Love Is the Ultimate Motive of Devotion :
The mind of man looks at the devotional nature and is able to raise numerous questions which are unable to be precisely answered to the satisfaction of the intellect. The Yoga of love and devotion is a matter for the heart, not the mind, and the truth that is understood by the seeker in this path is one that satisfies the deeper sense that transcends the mental formulations. The mind is necessarily limited by its framework based in division, separation and exclusion, and its need to analyze; while the heart is able to heal division, breach separation, include all and join things together. It is this difference in capacity and way of knowledge that precludes the intellect standing in judgment over the heart’s seeking and finding.
This implies, as Sri Aurobindo relates: “The truth of the motives of the heart’s devotion and their final arrival and in some sort their disappearance into the supreme and unique self-existent motive of love is therefore all that initially and essentially concerns us.” He indicates that all the questions about specific forms that the Divine may take, and specific ways that the individual can interface and relate to the Divine are not essential for the heart that takes up this path and devotes itself to the way of love.

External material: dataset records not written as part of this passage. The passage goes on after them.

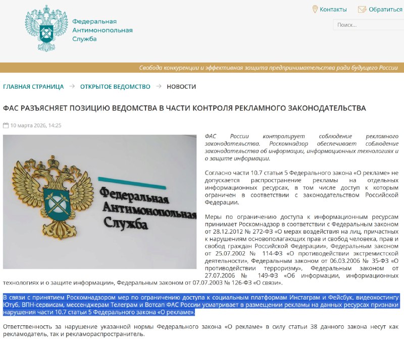 Ну что, помните что я писал? Хочешь убить телегу - запрети рекламу. Вот и ответочка от ФАС, на новости о штрафах блогерам. Читаем: В связи с принятием Роскомнадзором мер по ограничению доступа к соц
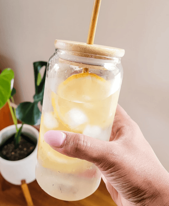 We are so excited to introduce this gorgeous custom designed product to our collection. Use this funky bamboo glass drinking jar to serve up your favourite juices/smoothies. The jar is sustainable, environmentally friendly to use, healthy, non-toxic and super cool! Suitable for hot drinks.
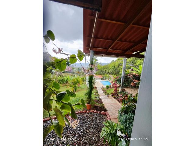Finca 3000mtrs la casa consta 1piso 2habitaciones 2 baños sala grande comedor cocina grande 2piso habitación principal con un baño super grande closet y balcón con una vista espectacular más otra habitación piscina un kiosko grande con baño parqueadero casa de agregado 2 habitaciones 1 baño sala árboles frutales dentro de condominio administración 235000 valor 850 se recibe permuta en el sur un apartamento
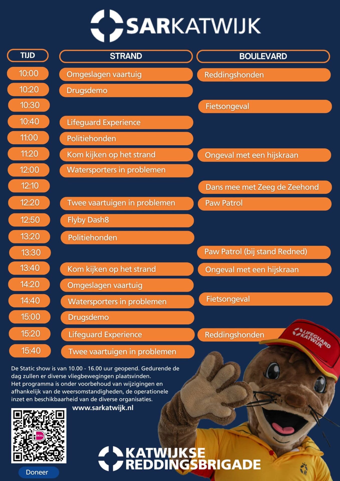 Op het programma staan realistische demonstraties op het strand, de boulevard, op zee en in de lucht. Denk aan een groots opgezet ongeval met meerdere hulpdiensten, zoek- en reddingsacties op zee, inzet van reddingshonden en indrukwekkende ondersteuning vanuit de lucht door helikopters en een fly-by van het patrouillevliegtuig van de Kustwacht, de Dash8.
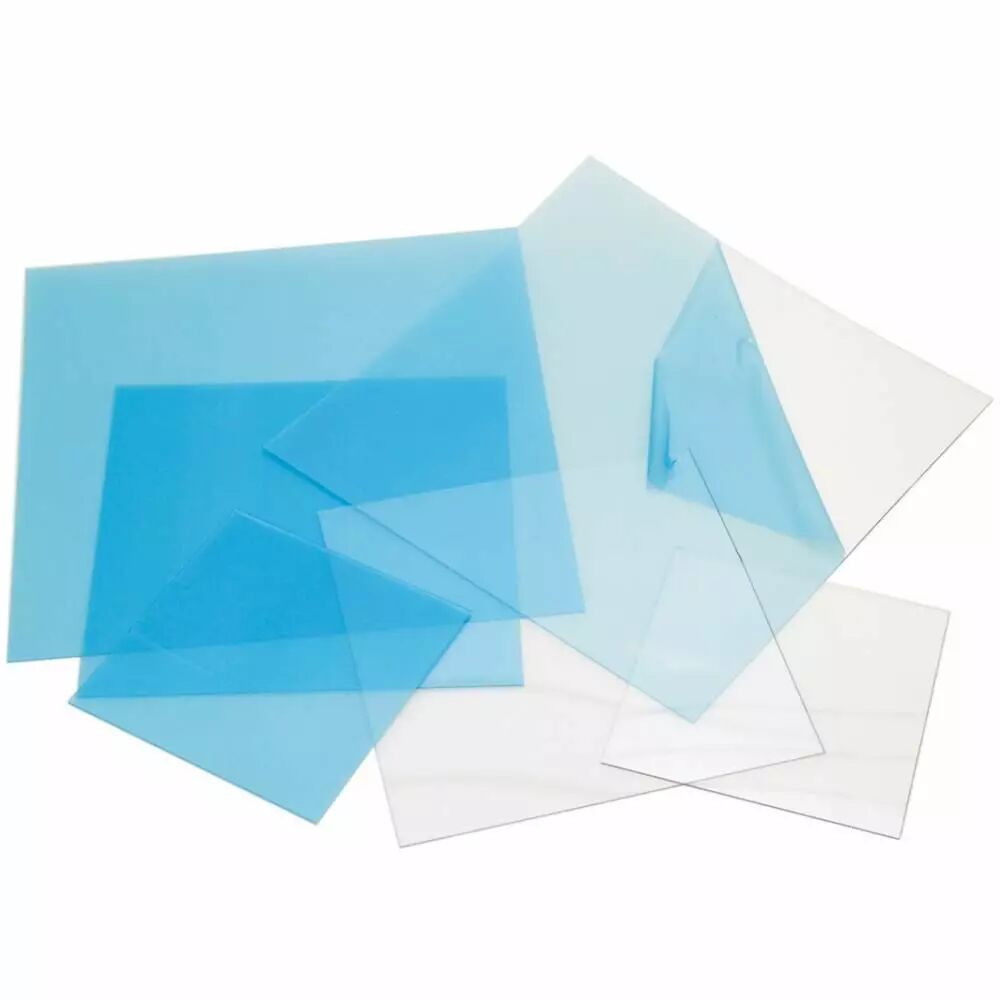 Cette feuille de plastique lourd de 0,020 pouces d'épaisseur est protégée par une pellicule détachable et est parfaitement transparente. Peut être découpée avec des ciseaux, des couteaux de bricolage et de nombreuses machines à découper. Peut être embossée à chaud.
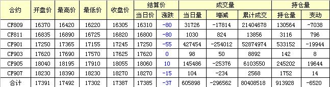 主力CF809合約當(dāng)日交易走勢圖
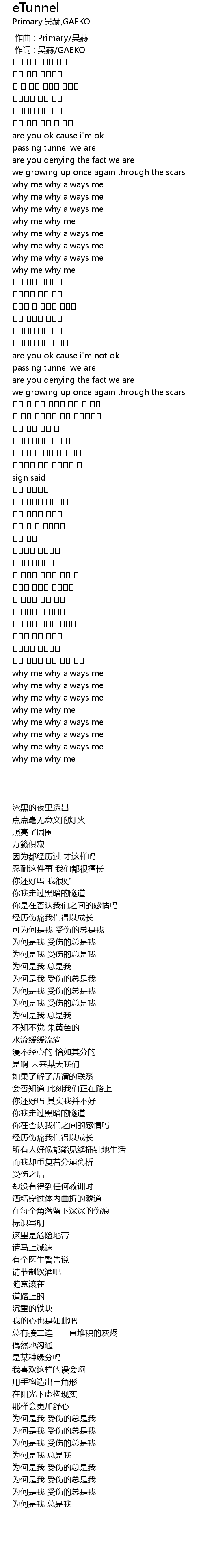 | [00:01.00] | 作词 : 吴赫/GAEKO |
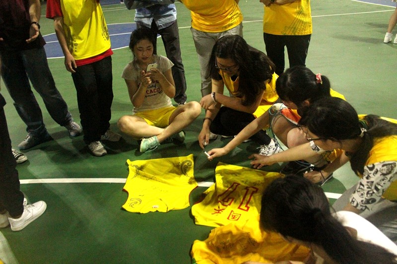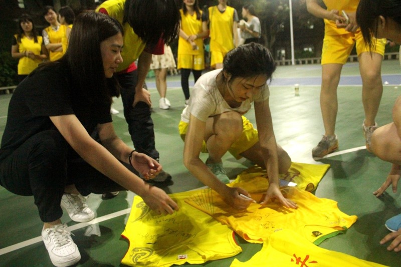 东苑篮球场上,女篮队员们不愿离去。国关女篮队员们在即将离队的2012级女篮成员队服上签名留念。签名后仔细写好的日期,或是名字后面画上的一颗心,都倾注着她们深厚的感情。
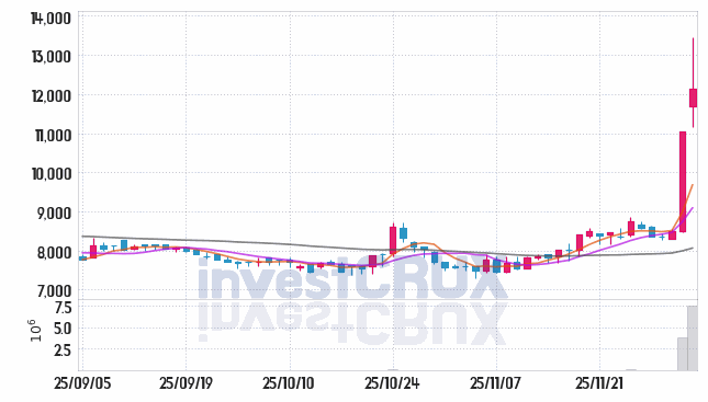 반대로, 5일간 주가 데이터 중 가장 높은 저가는 25년 11월 27일에 기록했던 8,550원인 반면 최저 저가는 25년 12월 01일에 거래되었던 8,260원입니다.
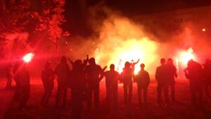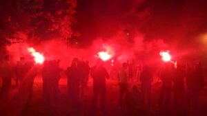 Po meczu na Giszowcu miejscowi kibice robią sobie pochód przy głośnym dopingu. Kulminacja nastąpiła na ul. Miłej gdzie została odpalona pirotechnika i głośno zaznaczyliśmy miejsce koleżanek zza miedzy.

“…all we need at present say is that the Divine does at least accept the various forms which the devotee gives to him and through them meets him in love, while the mixing of our spirits with his spirit is essential to the fruition of Bhakti.”
There are those who argue that there must be an eternal difference between God and the devotee for devotion to be able to take place; while there are those who argue that all such differences are part of the illusion presented by the lesser reality of the outer world. Neither of these positions need interfere with the truth experienced by the devotee through the heart’s devotion. “We may hold, however, the truth of the one existence in this sense that all in Nature is the Divine even though God may be more than all in Nature, and love becomes then a movement by which the Divine in Nature and man takes possession of and enjoys the delight of the universal and the supreme Divine. In any case, love has necessarily a twofold fulfilment by its very nature, that by which the lover and the beloved enjoy their union in difference and all too that enhances the joy of various union, and that by which they throw themselves into each other and become one Self. That truth is quite sufficient to start with, for it is the very nature of love, and since love is the essential motive of this Yoga, as is the whole nature of love, so will be too the crown and fulfilment of the movement of the Yoga.”